Many Israelis have traditionally viewed the United Nations and many European governments as being particularly sympathetic to the Palestinian cause.
And in an aside by Netanyahu during a visit to the United States, Israel's main ally, he appeared to indicate he shared those sentiments.
"Americans get it," he said, referring to arguments he has made in support of his government's policies. "Europeans don't."
That has not always been the case as far as U.S. President Barack Obama is concerned, particularly on the settlement issue and the open question of whether Israel might attack Iran's nuclear program in defiance of Washington's calls to give diplomatic options more time.
But Obama has never been at the top of Israelis' popularity lists and friction between the two leaders seems not to have hurt Netanyahu in the opinion polls, which predict he will coast to victory in the upcoming ballot.
VOTER EXPECTATIONS
Tamir Sheafer, a political scientist at Jerusalem's Hebrew University, said Netanyahu's settlement move was "what his voters expect of him" and stemmed from internal political considerations.
"Maybe they are worried in (Netanyahu's) Likud that right-wing voters will opt instead for (the far-right religious)Habayit Hayehudi party," Sheafer said.
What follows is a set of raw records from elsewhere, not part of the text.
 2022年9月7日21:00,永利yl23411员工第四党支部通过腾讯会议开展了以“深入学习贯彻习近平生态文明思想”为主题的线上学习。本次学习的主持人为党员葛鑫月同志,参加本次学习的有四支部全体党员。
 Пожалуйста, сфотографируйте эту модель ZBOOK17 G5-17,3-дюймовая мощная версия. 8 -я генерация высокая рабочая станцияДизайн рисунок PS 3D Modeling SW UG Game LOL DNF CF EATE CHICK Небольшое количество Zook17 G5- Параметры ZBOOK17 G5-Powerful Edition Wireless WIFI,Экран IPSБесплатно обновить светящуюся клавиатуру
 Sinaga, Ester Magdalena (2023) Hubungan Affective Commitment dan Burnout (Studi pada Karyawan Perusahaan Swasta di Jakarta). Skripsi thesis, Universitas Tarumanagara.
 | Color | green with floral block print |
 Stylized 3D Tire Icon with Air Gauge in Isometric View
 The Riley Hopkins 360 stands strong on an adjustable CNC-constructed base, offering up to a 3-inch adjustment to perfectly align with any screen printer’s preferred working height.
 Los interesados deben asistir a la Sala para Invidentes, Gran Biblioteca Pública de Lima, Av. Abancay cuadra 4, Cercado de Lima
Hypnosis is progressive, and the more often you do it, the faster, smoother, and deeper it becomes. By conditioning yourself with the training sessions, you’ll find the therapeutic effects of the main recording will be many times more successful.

So far, European anger over the settlement plan has not led to any sanctions against Israel. Any punitive measures before the election would fuel arguments made by Netanyahu's political opponents that he was deepening its diplomatic isolation.
"I think there are electoral considerations (behind Netanyahu's settlement moves)," said Gideon Rahat, a Hebrew University political scientist. "But he's also used to (Europe and the United States) not bothering him much and now they seem to have changed the rules of the game."
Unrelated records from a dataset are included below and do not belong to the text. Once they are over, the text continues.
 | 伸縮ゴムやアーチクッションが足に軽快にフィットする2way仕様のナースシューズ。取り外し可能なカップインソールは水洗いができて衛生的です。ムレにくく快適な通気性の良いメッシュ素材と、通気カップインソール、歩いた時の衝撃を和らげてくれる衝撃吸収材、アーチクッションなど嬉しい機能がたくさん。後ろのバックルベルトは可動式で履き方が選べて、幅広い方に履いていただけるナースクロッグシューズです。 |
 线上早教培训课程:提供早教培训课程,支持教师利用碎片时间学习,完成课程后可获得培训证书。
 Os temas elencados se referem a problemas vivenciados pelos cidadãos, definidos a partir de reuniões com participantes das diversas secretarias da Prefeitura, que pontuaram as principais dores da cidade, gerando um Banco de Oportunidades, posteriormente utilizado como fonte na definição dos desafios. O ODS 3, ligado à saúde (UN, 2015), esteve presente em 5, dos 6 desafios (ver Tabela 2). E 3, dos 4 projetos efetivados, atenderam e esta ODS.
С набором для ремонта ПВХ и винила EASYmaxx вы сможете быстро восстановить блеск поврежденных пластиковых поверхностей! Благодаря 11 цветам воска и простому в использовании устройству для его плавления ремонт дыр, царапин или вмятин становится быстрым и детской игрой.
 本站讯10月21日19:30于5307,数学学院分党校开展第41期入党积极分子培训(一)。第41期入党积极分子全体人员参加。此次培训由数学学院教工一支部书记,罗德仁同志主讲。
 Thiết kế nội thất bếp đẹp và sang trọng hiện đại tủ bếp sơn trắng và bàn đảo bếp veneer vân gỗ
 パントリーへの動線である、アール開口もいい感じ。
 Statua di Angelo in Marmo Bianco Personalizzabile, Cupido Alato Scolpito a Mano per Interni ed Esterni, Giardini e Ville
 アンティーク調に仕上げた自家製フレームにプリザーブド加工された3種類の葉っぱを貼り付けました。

Still, Sheafer said, "something very unusual or unexpected would have to happen for the next government not to be headed by Netanyahu - it's very simple mathematics, the center-left simply doesn't have enough parliamentary seats" to form a coalition.
With details of the future settler housing in the West Bank and East Jerusalem still sketchy and Israeli officials saying any construction in E1 would be more than a year away, Israel and Europe still have room to maneuver.
"We don't know where these units will be built. I don't think anyone knows. They are probably scurrying around now trying to figure out where they will be built," said Daniel Seidemann, an Israeli expert on settlements.
"This announcement was made for dramatic effect. That doesn't mean it won't happen, it means the dramatic effect precedes the decision," Seidemann said.
Tzipi Livni, a former foreign minister who is running in the upcoming poll as the head of a new centrist party, said in a statement that Netanyahu's settlement move "isolates Israel and encourages international pressure".
But she also appeared to suggest that Netanyahu might be bluffing.
"In any case (the construction) won't happen," she said.